From: | Fujii Masao <masao(dot)fujii(at)gmail(dot)com> |
---|---|
To: | Alexander Korotkov <aekorotkov(at)gmail(dot)com> |
Cc: | Heikki Linnakangas <hlinnakangas(at)vmware(dot)com>, PostgreSQL-development <pgsql-hackers(at)postgresql(dot)org> |
Subject: | Re: HEAD seems to generate larger WAL regarding GIN index |
Date: | 2014-03-17 13:20:00 |
Message-ID: | CAHGQGwGU4_SVFt2EztmwDAkTQKRH3zStF-fbYRKny0Qtha9OVw@mail.gmail.com |
Views: | Raw Message | Whole Thread | Download mbox | Resend email |
Thread: | |
Lists: | pgsql-hackers |
On Sun, Mar 16, 2014 at 7:15 AM, Alexander Korotkov
<aekorotkov(at)gmail(dot)com> wrote:
> On Sat, Mar 15, 2014 at 11:27 PM, Heikki Linnakangas
> <hlinnakangas(at)vmware(dot)com> wrote:
>>
>> On 03/15/2014 08:40 PM, Fujii Masao wrote:
>>>
>>> Hi,
>>>
>>> I executed the following statements in HEAD and 9.3, and compared
>>> the size of WAL which were generated by data insertion in GIN index.
>>>
>>> ---------------------
>>> CREATE EXTENSION pg_trgm;
>>> CREATE TABLE hoge (col1 text);
>>> CREATE INDEX hogeidx ON hoge USING gin (col1 gin_trgm_ops) WITH
>>> (FASTUPDATE = off);
>>>
>>> CHECKPOINT;
>>> SELECT pg_switch_xlog();
>>> SELECT pg_switch_xlog();
>>>
>>> SELECT pg_current_xlog_location();
>>> INSERT INTO hoge SELECT 'POSTGRESQL' FROM generate_series(1, 1000000);
>>> SELECT pg_current_xlog_location();
>>> ---------------------
>>>
>>> The results of WAL size are
>>>
>>> 960 MB (9.3)
>>> 2113 MB (HEAD)
>>>
>>> The WAL size in HEAD was more than two times bigger than that in 9.3.
>>> Recently the source code of GIN index has been changed dramatically.

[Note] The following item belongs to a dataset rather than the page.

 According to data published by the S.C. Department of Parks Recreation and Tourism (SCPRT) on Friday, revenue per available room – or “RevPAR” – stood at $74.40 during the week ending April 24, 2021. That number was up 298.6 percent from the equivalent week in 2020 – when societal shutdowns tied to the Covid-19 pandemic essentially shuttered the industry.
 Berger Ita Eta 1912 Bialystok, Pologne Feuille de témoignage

>>> Is the increase in GIN-related WAL intentional or a bug?
>>
>>
>> It was somewhat expected. Updating individual items on the new-format GIN
>> pages requires decompressing and recompressing the page, and the
>> recompressed posting lists need to be WAL-logged. Which generates much
>> larger WAL records.
>>
>> That said, I didn't expect the difference to be quite that big when you're
>> appending to the end of the table. When the new entries go to the end of the
>> posting lists, you only need to recompress and WAL-log the last posting
>> list, which is max 256 bytes long. But I guess that's still a lot more WAL
>> than in the old format.
I ran "pg_xlogdump | grep Gin" and checked the size of GIN-related WAL,
and then found its max seems more than 256B. Am I missing something?
What I observed is
[In HEAD]
At first, the size of GIN-related WAL is gradually increasing up to about 1400B.

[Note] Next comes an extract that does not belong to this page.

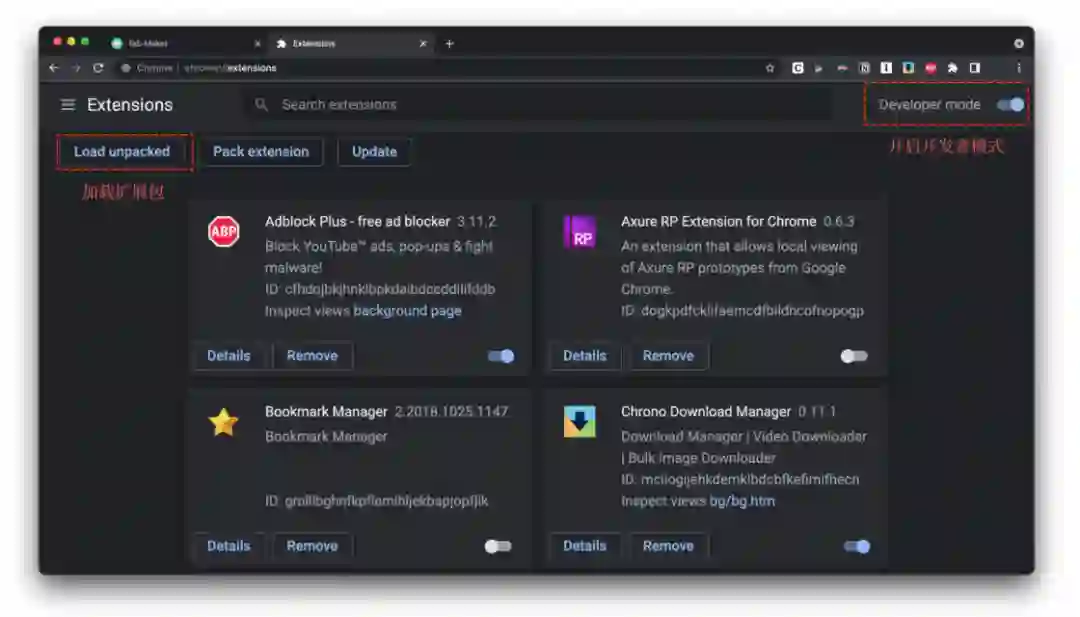 以 Chrome 为例:打开 Chorme 的扩展设置页面,开启开发者模式,然后点击加载扩展包,
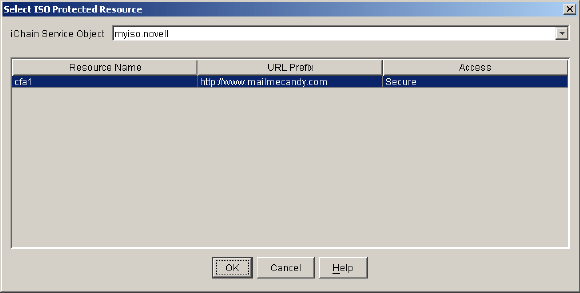 The Select ISO Protected Resource dialog box provides a list of iChain Service Objects and their associated protected resources from which the user can select to add to either the Allowed URL or Excluded URL list. The list is a drop-down list which will contain all iChain Service Objects in the currently selected context. See Figure 46.

rmgr: Gin len (rec/tot): 48/ 80, tx: 1813,
lsn: 0/020020D8, prev 0/02000070, bkp: 0000, desc: Insert item, node:
1663/12945/16441 blkno: 1 isdata: F isleaf: T isdelete: F
rmgr: Gin len (rec/tot): 56/ 88, tx: 1813,
lsn: 0/02002440, prev 0/020023F8, bkp: 0000, desc: Insert item, node:
1663/12945/16441 blkno: 1 isdata: F isleaf: T isdelete: T
rmgr: Gin len (rec/tot): 64/ 96, tx: 1813,
lsn: 0/020044D8, prev 0/02004490, bkp: 0000, desc: Insert item, node:
1663/12945/16441 blkno: 1 isdata: F isleaf: T isdelete: T
...
rmgr: Gin len (rec/tot): 1376/ 1408, tx: 1813,
lsn: 0/02A7EE90, prev 0/02A7E910, bkp: 0000, desc: Insert item, node:
1663/12945/16441 blkno: 2 isdata: F isleaf: T isdelete: T
rmgr: Gin len (rec/tot): 1392/ 1424, tx: 1813,
lsn: 0/02A7F458, prev 0/02A7F410, bkp: 0000, desc: Create posting
tree, node: 1663/12945/16441 blkno: 4
Then the size decreases to about 100B and is gradually increasing
again up to 320B.
rmgr: Gin len (rec/tot): 116/ 148, tx: 1813,
lsn: 0/02A7F9E8, prev 0/02A7F458, bkp: 0000, desc: Insert item, node:
1663/12945/16441 blkno: 4 isdata: T isleaf: T unmodified: 1280 length:
1372 (compressed)
rmgr: Gin len (rec/tot): 40/ 72, tx: 1813,
lsn: 0/02A7FA80, prev 0/02A7F9E8, bkp: 0000, desc: Insert item, node:
1663/12945/16441 blkno: 3 isdata: F isleaf: T isdelete: T
...
rmgr: Gin len (rec/tot): 118/ 150, tx: 1813,
lsn: 0/02A83BA0, prev 0/02A83B58, bkp: 0000, desc: Insert item, node:
1663/12945/16441 blkno: 4 isdata: T isleaf: T unmodified: 1280 length:
1374 (compressed)
...
rmgr: Gin len (rec/tot): 288/ 320, tx: 1813,
lsn: 0/02AEDE28, prev 0/02AEDCE8, bkp: 0000, desc: Insert item, node:
1663/12945/16441 blkno: 14 isdata: T isleaf: T unmodified: 1280
length: 1544 (compressed)
Then the size decreases to 66B and is gradually increasing again up to 320B.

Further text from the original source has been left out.